Emory Report

March 6, 2000

 Volume 52, No. 24

Chopp to deliver Currie lecture

By Elaine Justice

Provost Rebecca Chopp, a widely published scholar in Christian theology, women's studies and the role of religion in American public life, will address "The Poetics of Testimony" at the annual Currie Lecture in Law and Religion, to be held March 7 at 6 p.m. in the law school's Tull Auditorium.

Chopp, Candler Professor of Theology, said her subject refers to "those discourses-poetry, novels, theory, theology-that speak of the unspeakable and tell of the suffering and hope of particular communities who have not been authorized to speak." These discourses or practices, she added, "seek to describe or name that which rational discourse won't or can't reveal."

Those who traditionally have not had a voice in theological discourse owe much to liberation theologians such as James Cone, said Chopp, who served as a respondent in Cone's Feb. 3 Law and Religion Program lecture on "Calling the Oppressive to Account: Justice, Hope and Love in Black Religion."

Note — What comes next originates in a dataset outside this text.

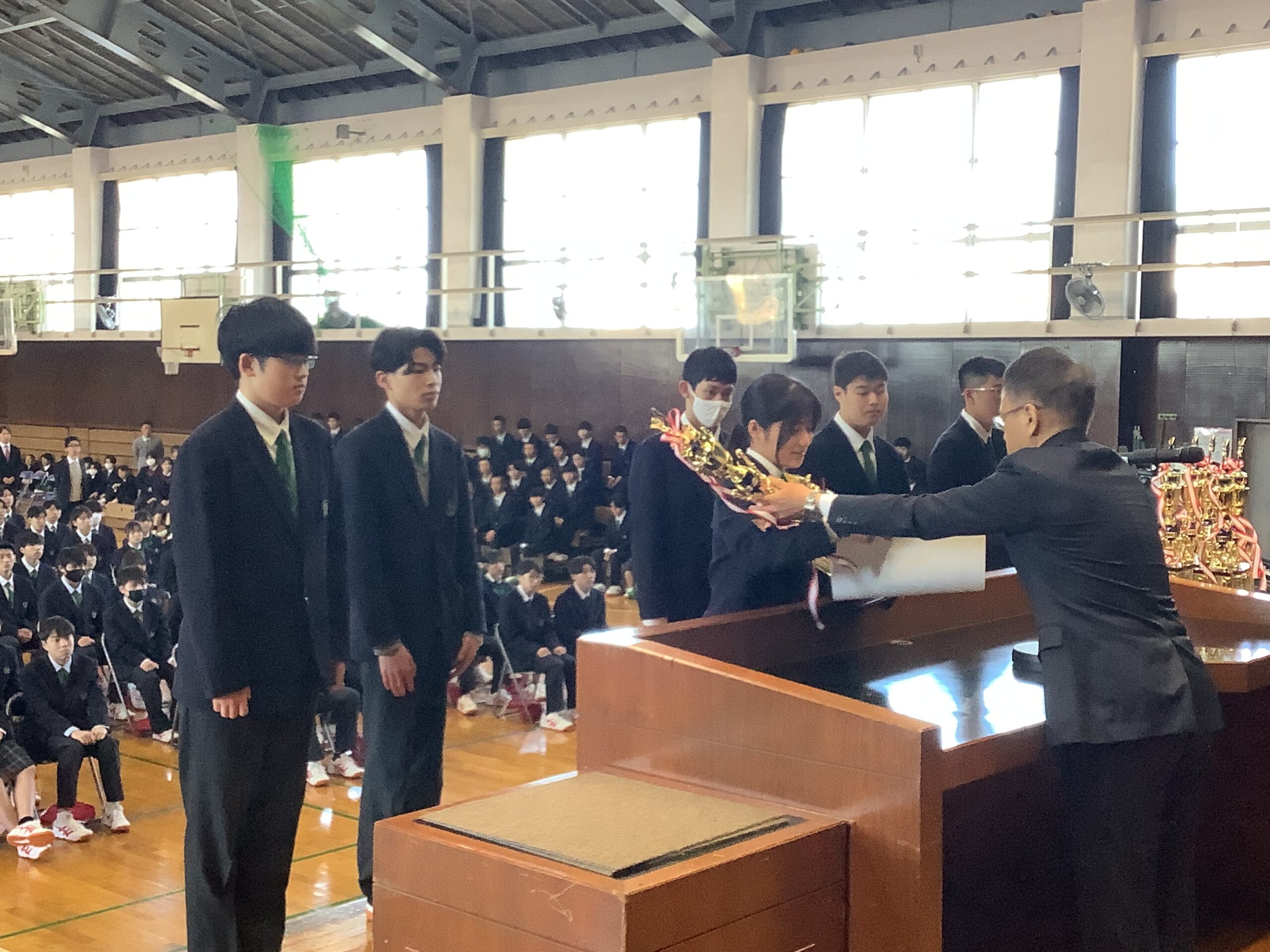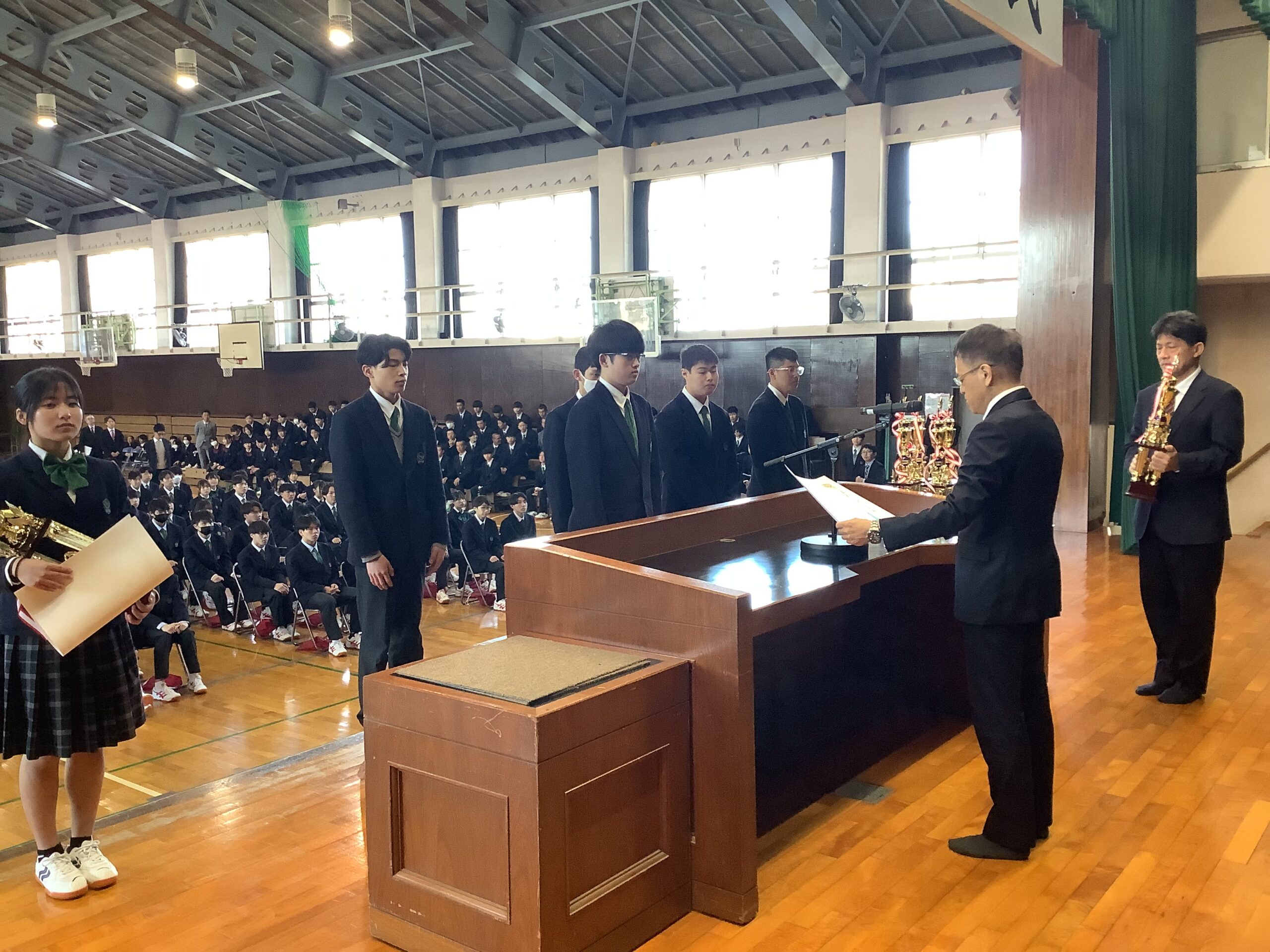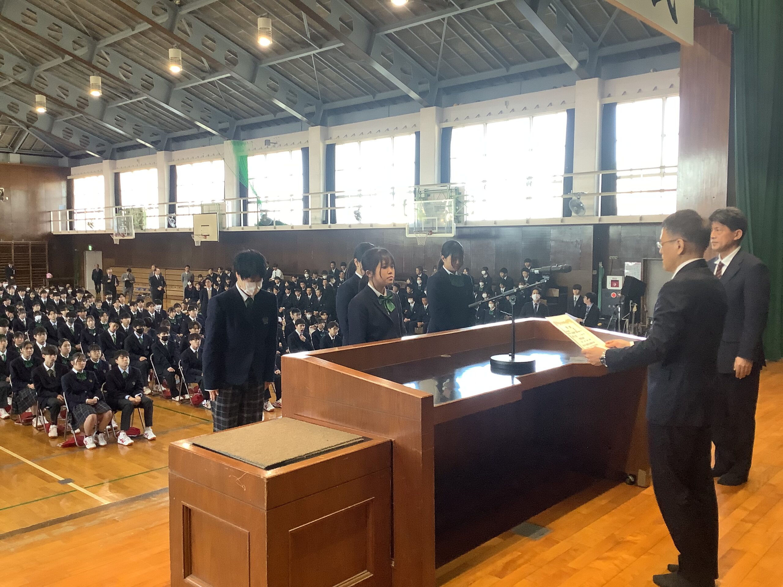 4月8日(水)、新入生と在校生との対面式が行われました。その後、表彰式もおこなわれました。

In contrast to theologians of the late 1960s who wrestled with the angst of unbelief and the secularization of society, said Chopp, Cone challenged theological discourse to deal with the real by asserting that: theology is always contextual; and theology is not about convincing the believer to believe, but about liberation and freedom of all who are oppressed.

"I cannot tell you how revolutionary that was," Chopp said. Now Cone's work is read in theological schools across the country. In many ways, she said, his revolutionary ideas are still just starting.

For his part, Cone said he didn't find his theological voice until several years after graduating from seminary, when he became involved with the black civil rights movement and published Black Theology and Black Power (1969).

"I had to do it," Cone said of writing the book. "It was like being in the middle of the ocean and needing a life raft. It was a form of how to keep sane in the world."

Fittingly, Chopp's research, teaching and writing has focused on liberation, feminist and political theologies. She is the author of The Praxis of Suffering: An Interpretation of Liberation and Political Theologies (1986), The Power to Speak: Feminism, Language, God (1989), Reconstructing Christian Theology and Saving Work: Feminist Practices of Theological Education (1995).

The Currie Lecture, an annual event of the law school's Law and Religion Program, has featured internationally prominent scholars whose expertise has encompassed a broad range of religious and legal issues.